1. Every shardable database (Cassandra, Dynamo, BigTable) has to worry about hot spots. Picking a UUID as a partition key is only step one. What happens if one user is a huge majority of your traffic? All of their reads/writes are going to a single partition and of course you are going to suffer from performance issues from that hot spot. It becomes important to further break down your partition into synthetic shards or break up your data by time (only keep a day of data per shard). BigTable does not innately solve this, they may deal better with a large partition but it will inevitably become a problem.

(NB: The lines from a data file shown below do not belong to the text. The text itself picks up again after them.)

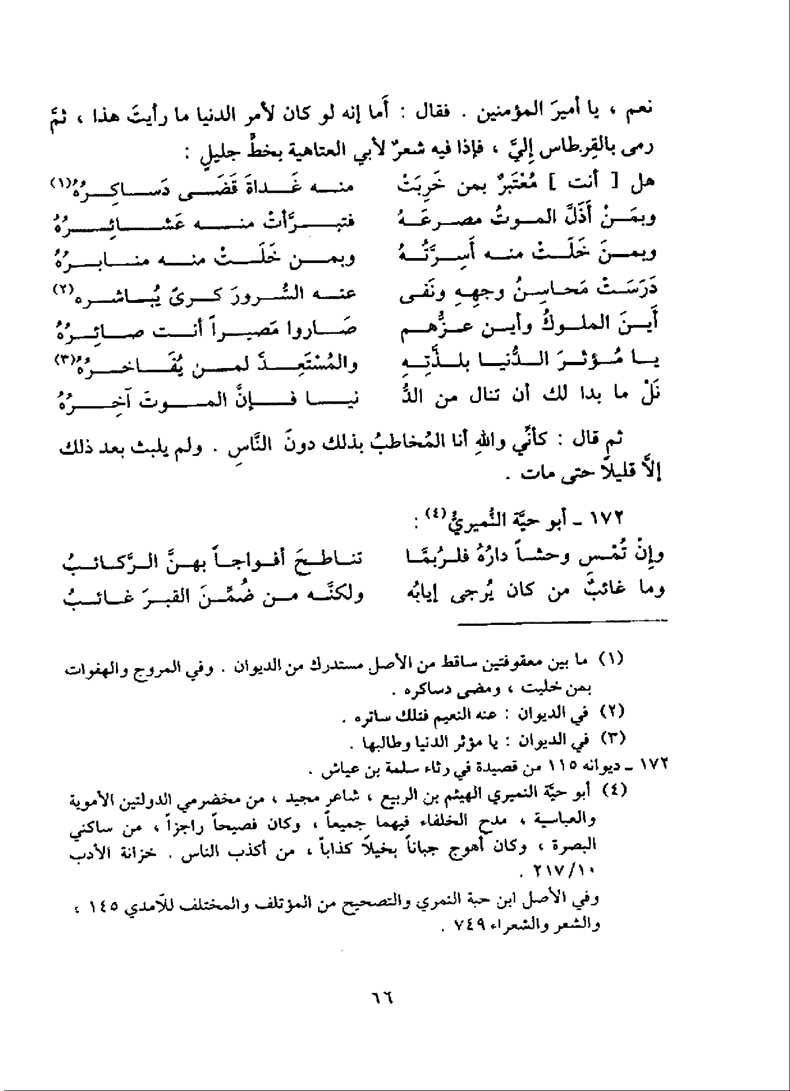 (¬4) أبو حيّة النميري الهيثم بن الربيع، شاعر مجيد، من مخضرمي الدولتين الأموية والعباسية، مدح الخلفاء فيهما جميعا، وكان فصيحا راجزا، من ساكني البصرة، وكان أهوج جبانا بخيلا كذابا، من أكذب الناس. خزانة الأدب 10/ 217. وفي الأصل ابن حبة النمري والتصحيح من المؤتلف والمختلف للآمدي 145، والشعر والشعراء 749.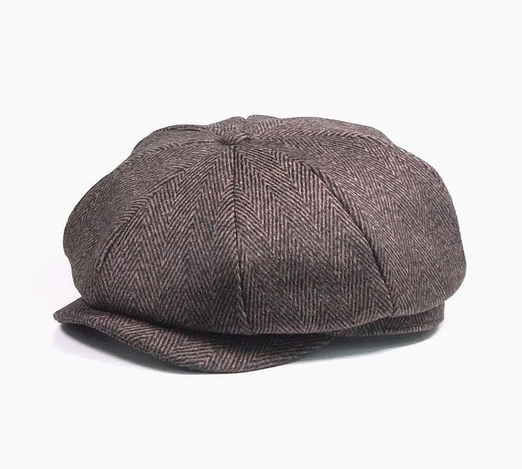 Glinder brun fiskben flat cap.jpg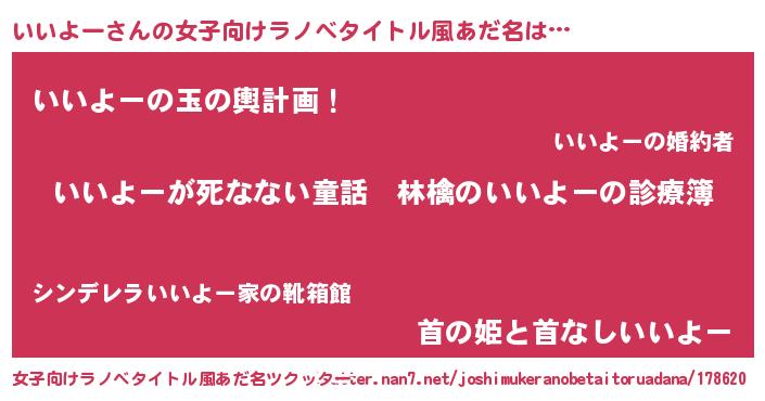 | 男性向けラノベタイトル風あだ名 | 『魔弾の王といいよー』『緋弾のイイヨー』 |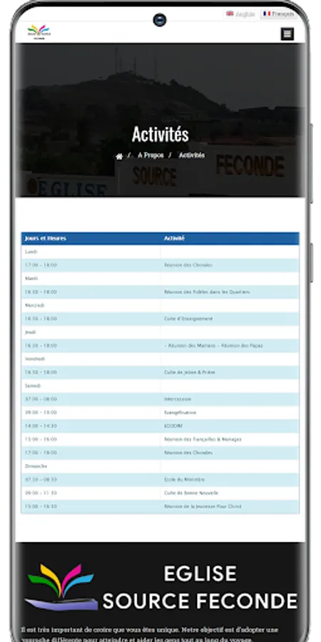 With the Eglise Source Féconde application, you can consult live services, keep abreast of recent messages and find out more about upcoming events. In addition, you can follow live Christian TV channels (EMCI TV, 3ABN and DIEUTV) and radio stations (Radio France Évangile, RFE Zone Enfants, and CBN Praise).

2. Some people are criticizing the choice of NoSQL citing the data size. Note you can have a small data size but have huge write traffic. An unsharded RDBMS will not scale well to this since you cannot distribute the writes across multiple nodes. Don't assume just because someone has a small data set they don't need to use NoSQL to deal with their volume

3 comments

> Every shardable database (Cassandra, Dynamo, BigTable) has to worry about hot spots.

Yeah, but the issue with DynamoDB seems to be bursts of access triggering "throughput exceptions" caused a very static bandwidth allocation which is going down with the number of shards and not so graceful handling of overload situations.

It is imho. an anti-pattern to split up the bandwidth like they do. It negates the multiplexing gain for no good reason except a rigid control model.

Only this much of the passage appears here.